• _WHAT IS REQUIRED_:
Transcribe the listing in full, word for word; pictures do not belong in the copy.

DATASET EXTRACT Start Marker

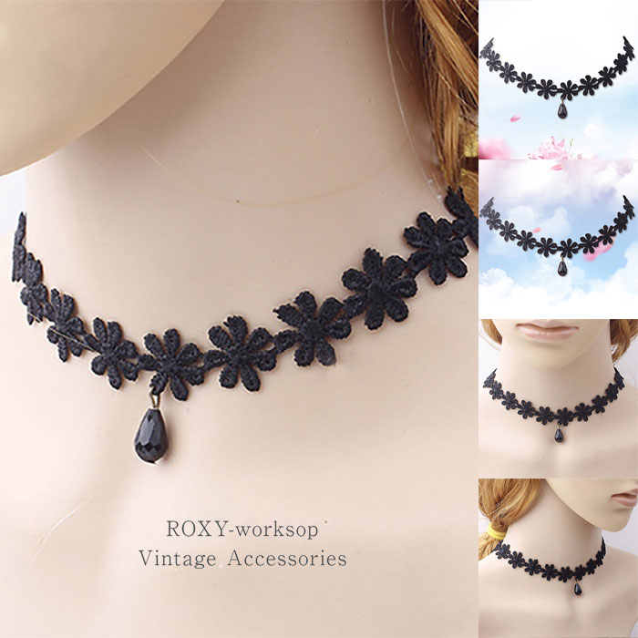 【送料無料】 レース ネックレス ペンダント チョーカー 花 エレガント ガーリー ゴス ゴシック ・・・
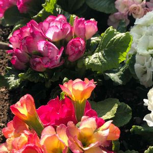 プリムラ ジュリアンです。 辺り一面に春が訪れたようなパッと明るく爽やかな色合いです。 見ているだけで、ホッと心も和みますね。 ヨーロッパ原産。日本で品種改良 サクラソウ科サクラソウ属の1年草。
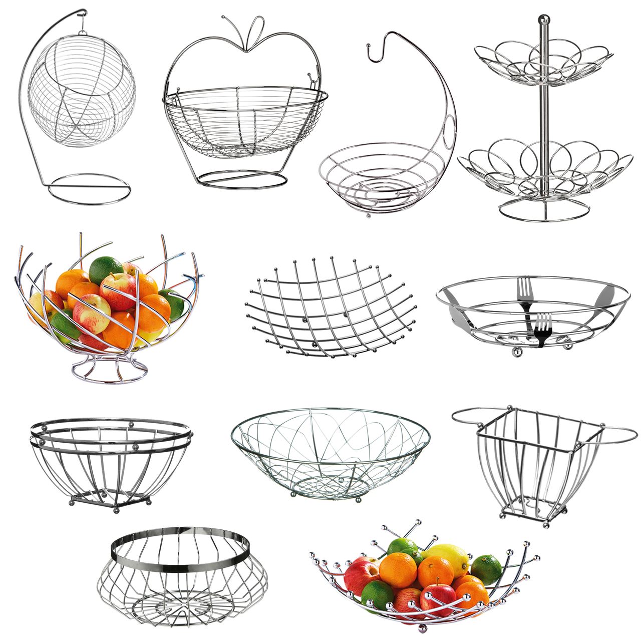Fruit Basket Chrome, Kitchen Dinning Table Decoration, Fruit Bowl

DATASET EXTRACT End Marker

• _COMPLETED EXERCISE_:
 【送料無料】 レース ネックレス ペンダント チョーカー 花 エレガント ガーリー ゴス ゴシック ・・・
 プリムラ ジュリアンです。 辺り一面に春が訪れたようなパッと明るく爽やかな色合いです。 見ているだけで、ホッと心も和みますね。 ヨーロッパ原産。日本で品種改良 サクラソウ科サクラソウ属の1年草。
Fruit Basket Chrome, Kitchen Dinning Table Decoration, Fruit Bowl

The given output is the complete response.